== Data under study
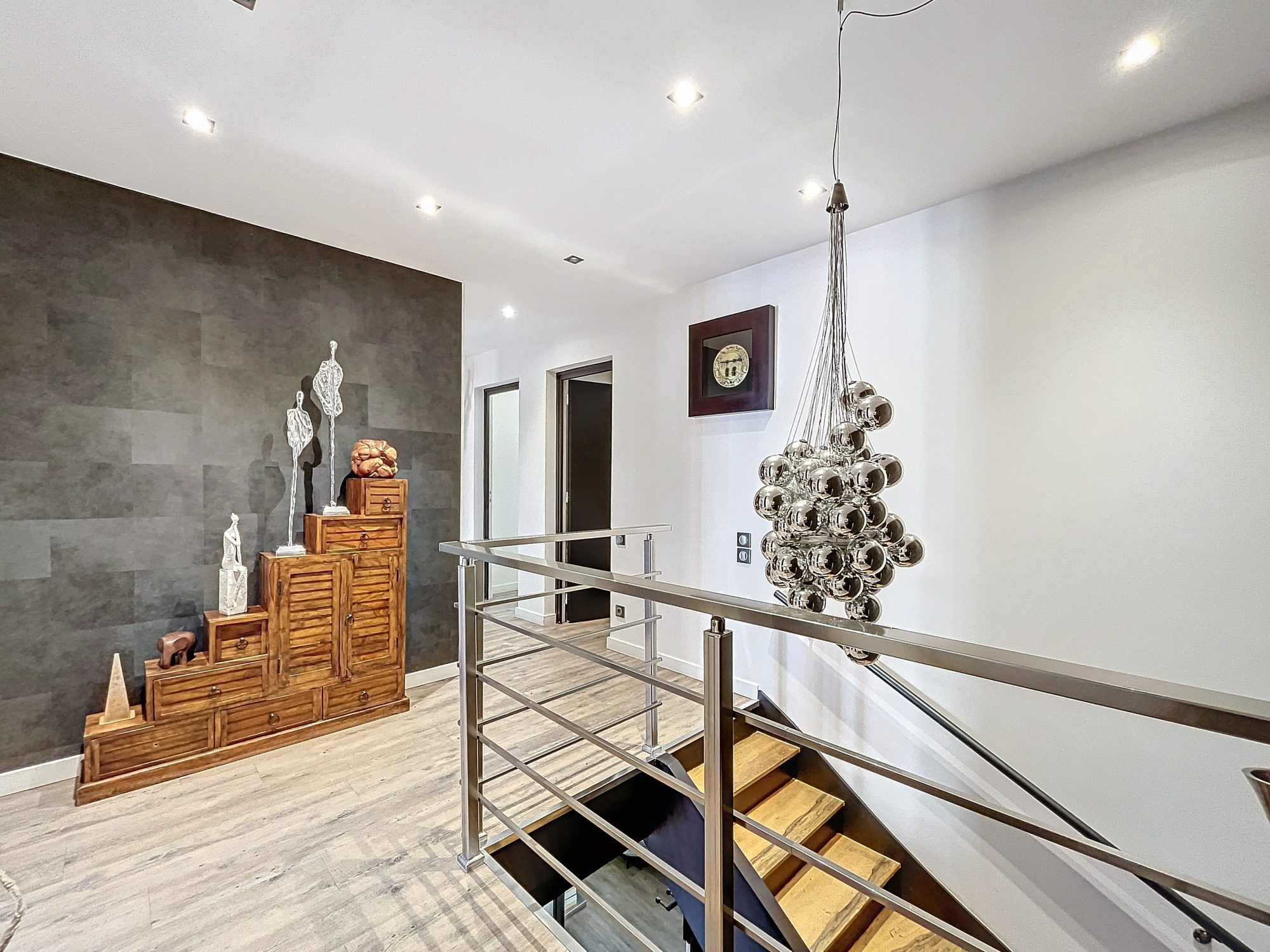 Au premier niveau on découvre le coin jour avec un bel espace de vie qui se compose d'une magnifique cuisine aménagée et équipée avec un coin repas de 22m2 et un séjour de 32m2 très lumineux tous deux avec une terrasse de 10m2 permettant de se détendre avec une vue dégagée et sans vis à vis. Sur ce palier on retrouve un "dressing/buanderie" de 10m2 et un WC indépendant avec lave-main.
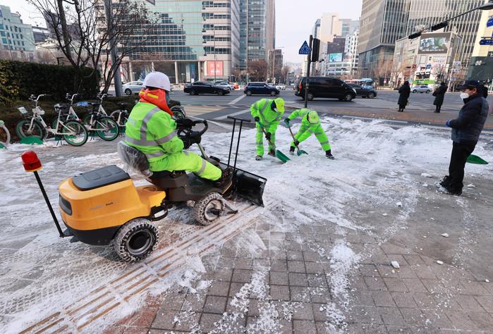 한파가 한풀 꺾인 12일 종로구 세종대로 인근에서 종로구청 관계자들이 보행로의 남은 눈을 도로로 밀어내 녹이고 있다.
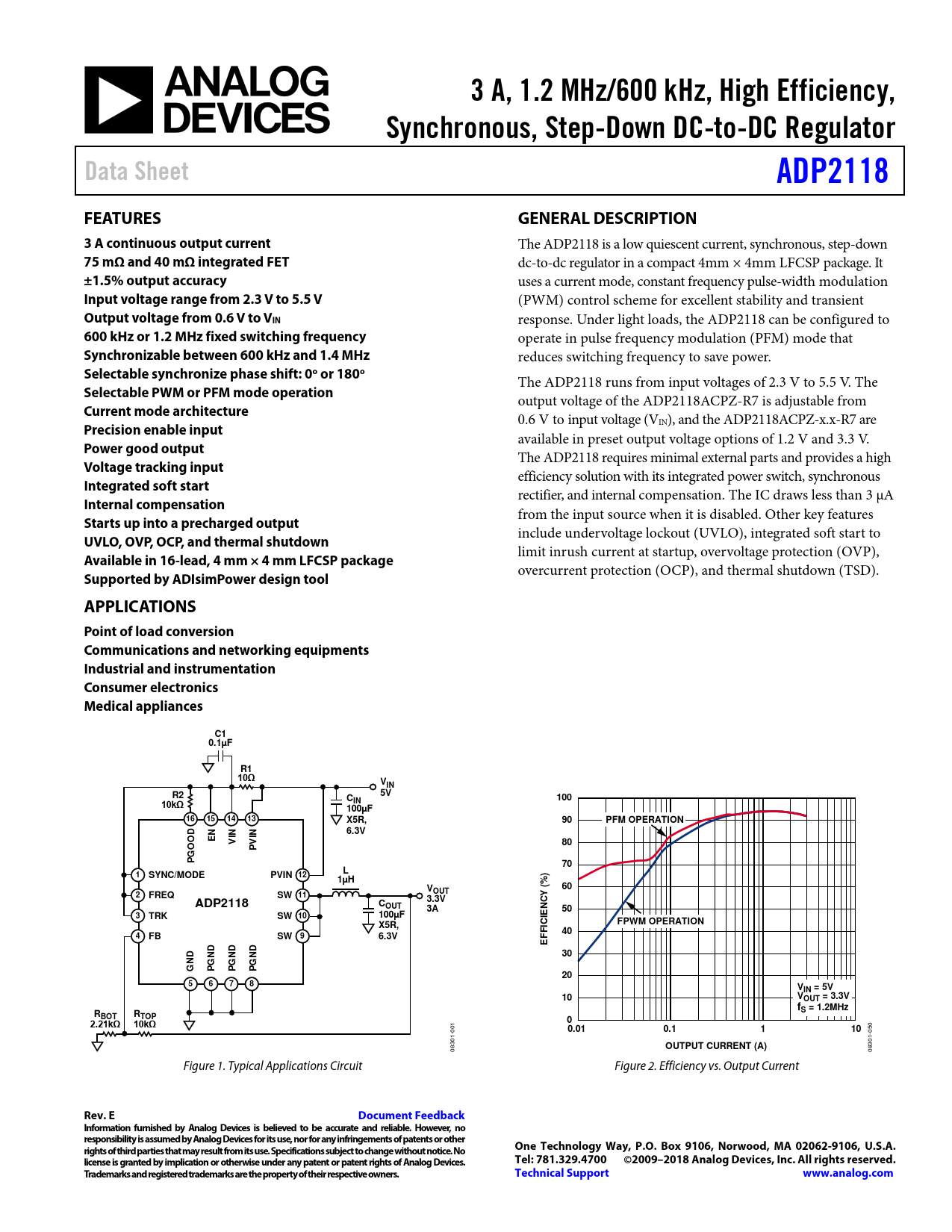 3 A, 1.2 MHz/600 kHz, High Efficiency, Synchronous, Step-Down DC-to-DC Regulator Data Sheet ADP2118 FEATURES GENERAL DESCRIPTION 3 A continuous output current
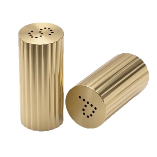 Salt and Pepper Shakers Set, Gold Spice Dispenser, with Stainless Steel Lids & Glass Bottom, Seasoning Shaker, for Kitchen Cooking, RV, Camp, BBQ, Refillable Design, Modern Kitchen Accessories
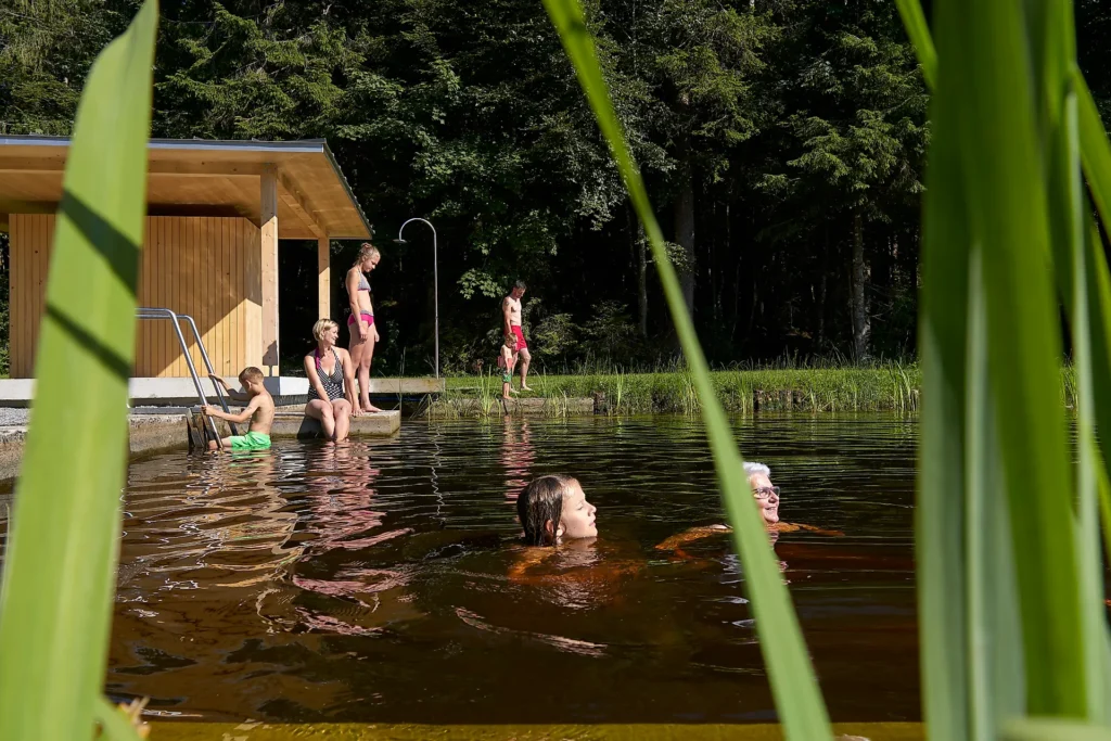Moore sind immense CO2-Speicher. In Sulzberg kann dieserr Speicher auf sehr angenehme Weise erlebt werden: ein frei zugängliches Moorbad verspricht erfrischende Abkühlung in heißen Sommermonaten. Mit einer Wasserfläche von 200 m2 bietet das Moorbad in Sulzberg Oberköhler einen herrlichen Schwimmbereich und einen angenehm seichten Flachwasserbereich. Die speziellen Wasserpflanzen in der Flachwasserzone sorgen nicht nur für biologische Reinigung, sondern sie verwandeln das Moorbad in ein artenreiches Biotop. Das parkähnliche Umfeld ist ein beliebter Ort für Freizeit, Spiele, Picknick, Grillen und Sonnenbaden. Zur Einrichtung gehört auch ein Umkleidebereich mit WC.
====
== Data under study
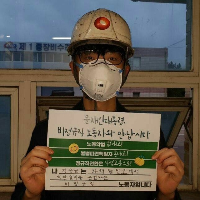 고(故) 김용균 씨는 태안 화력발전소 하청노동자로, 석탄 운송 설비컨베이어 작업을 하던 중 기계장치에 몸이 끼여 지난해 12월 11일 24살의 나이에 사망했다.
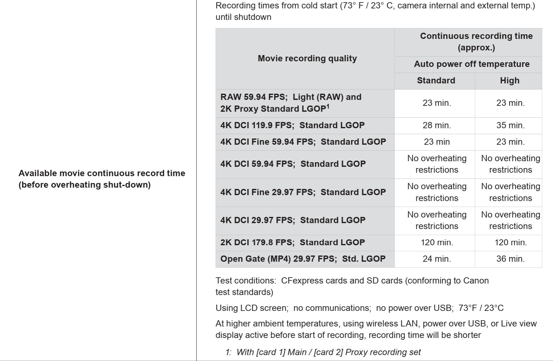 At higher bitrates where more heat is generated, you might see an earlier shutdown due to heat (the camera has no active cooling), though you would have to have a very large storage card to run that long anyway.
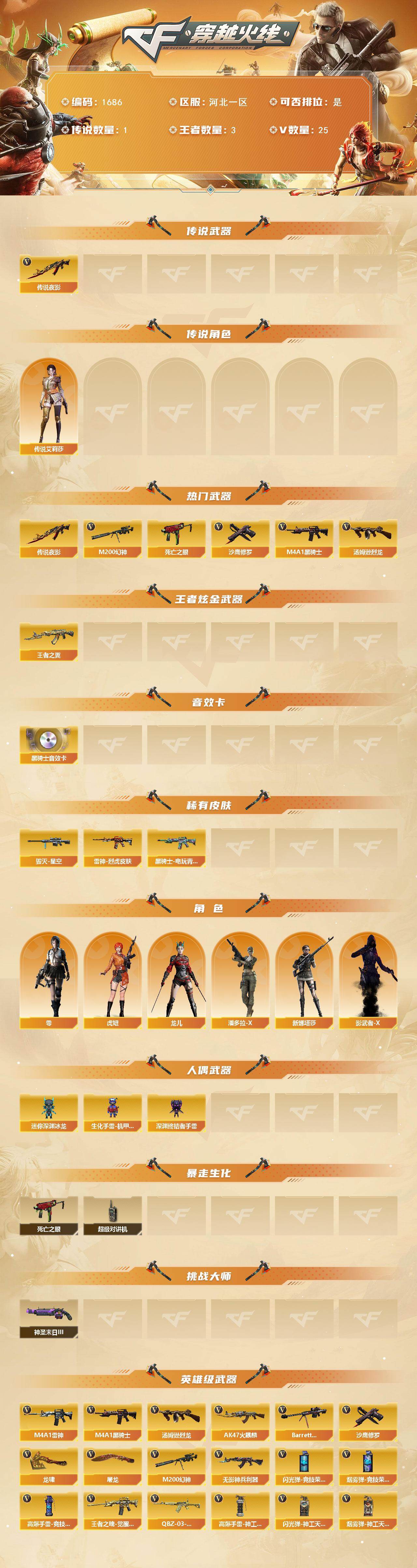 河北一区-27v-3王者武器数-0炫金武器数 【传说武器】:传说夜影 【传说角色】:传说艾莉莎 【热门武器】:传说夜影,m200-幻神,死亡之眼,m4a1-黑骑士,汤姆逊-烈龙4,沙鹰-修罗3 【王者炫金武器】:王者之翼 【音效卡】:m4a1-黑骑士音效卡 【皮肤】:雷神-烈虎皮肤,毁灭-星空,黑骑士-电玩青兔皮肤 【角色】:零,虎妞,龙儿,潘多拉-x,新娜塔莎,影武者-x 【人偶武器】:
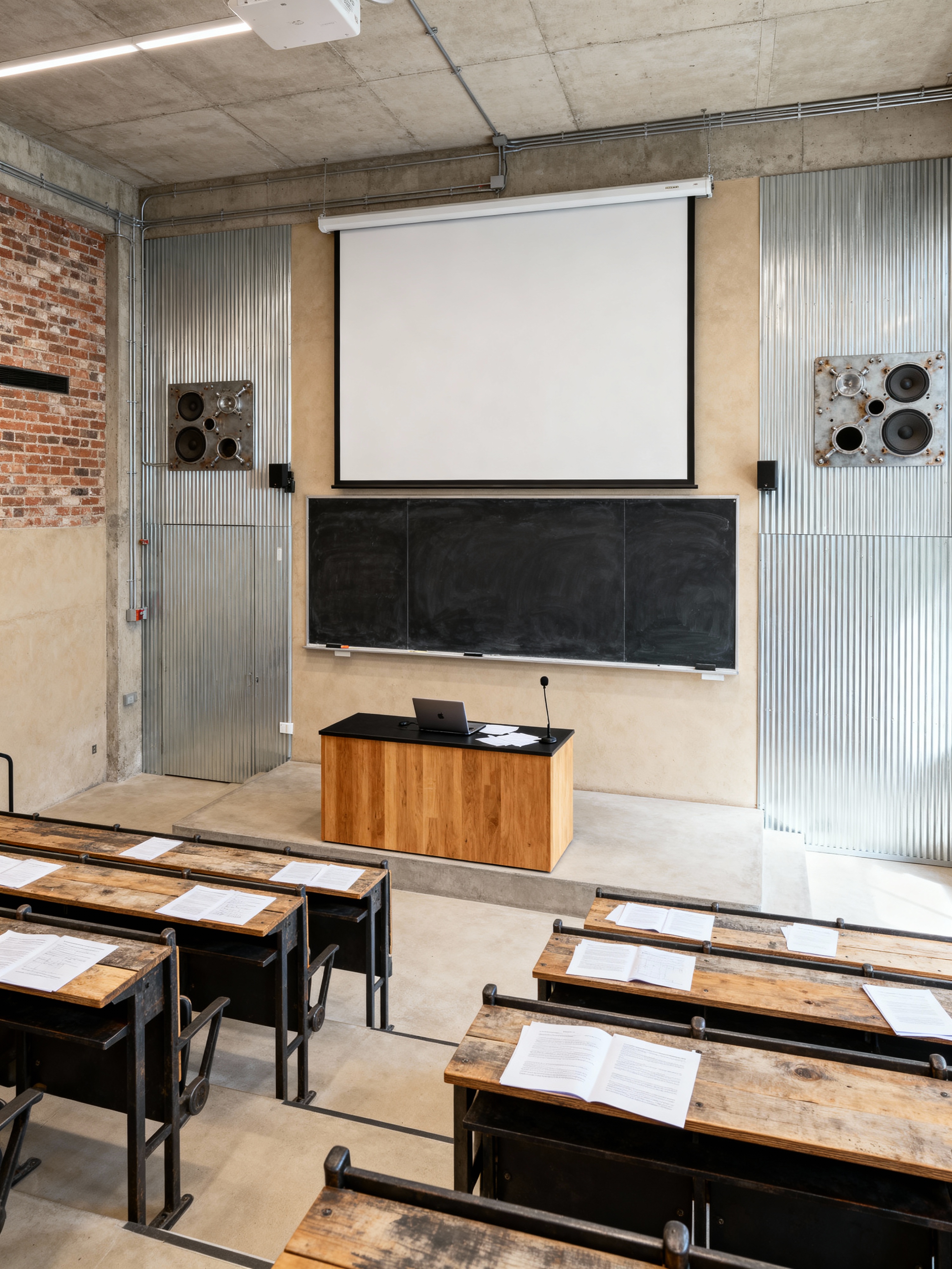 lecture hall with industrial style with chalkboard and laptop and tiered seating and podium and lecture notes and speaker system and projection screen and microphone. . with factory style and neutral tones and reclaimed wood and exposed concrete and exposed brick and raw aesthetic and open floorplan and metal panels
====
== Data under study
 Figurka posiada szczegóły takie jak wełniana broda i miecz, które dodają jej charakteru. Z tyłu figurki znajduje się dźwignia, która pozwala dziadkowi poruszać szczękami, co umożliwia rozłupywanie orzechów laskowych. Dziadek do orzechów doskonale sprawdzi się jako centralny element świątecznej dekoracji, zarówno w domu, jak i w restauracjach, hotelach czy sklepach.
====
- _Work required_:
The copy should hold exactly the lines above from the one with "한파가 한풀 꺾인 12일" through the one with "3 A, 1.2 MHz/600", both ends counted, and no pictures at all.

- _Task response_:
 한파가 한풀 꺾인 12일 종로구 세종대로 인근에서 종로구청 관계자들이 보행로의 남은 눈을 도로로 밀어내 녹이고 있다.
 3 A, 1.2 MHz/600 kHz, High Efficiency, Synchronous, Step-Down DC-to-DC Regulator Data Sheet ADP2118 FEATURES GENERAL DESCRIPTION 3 A continuous output current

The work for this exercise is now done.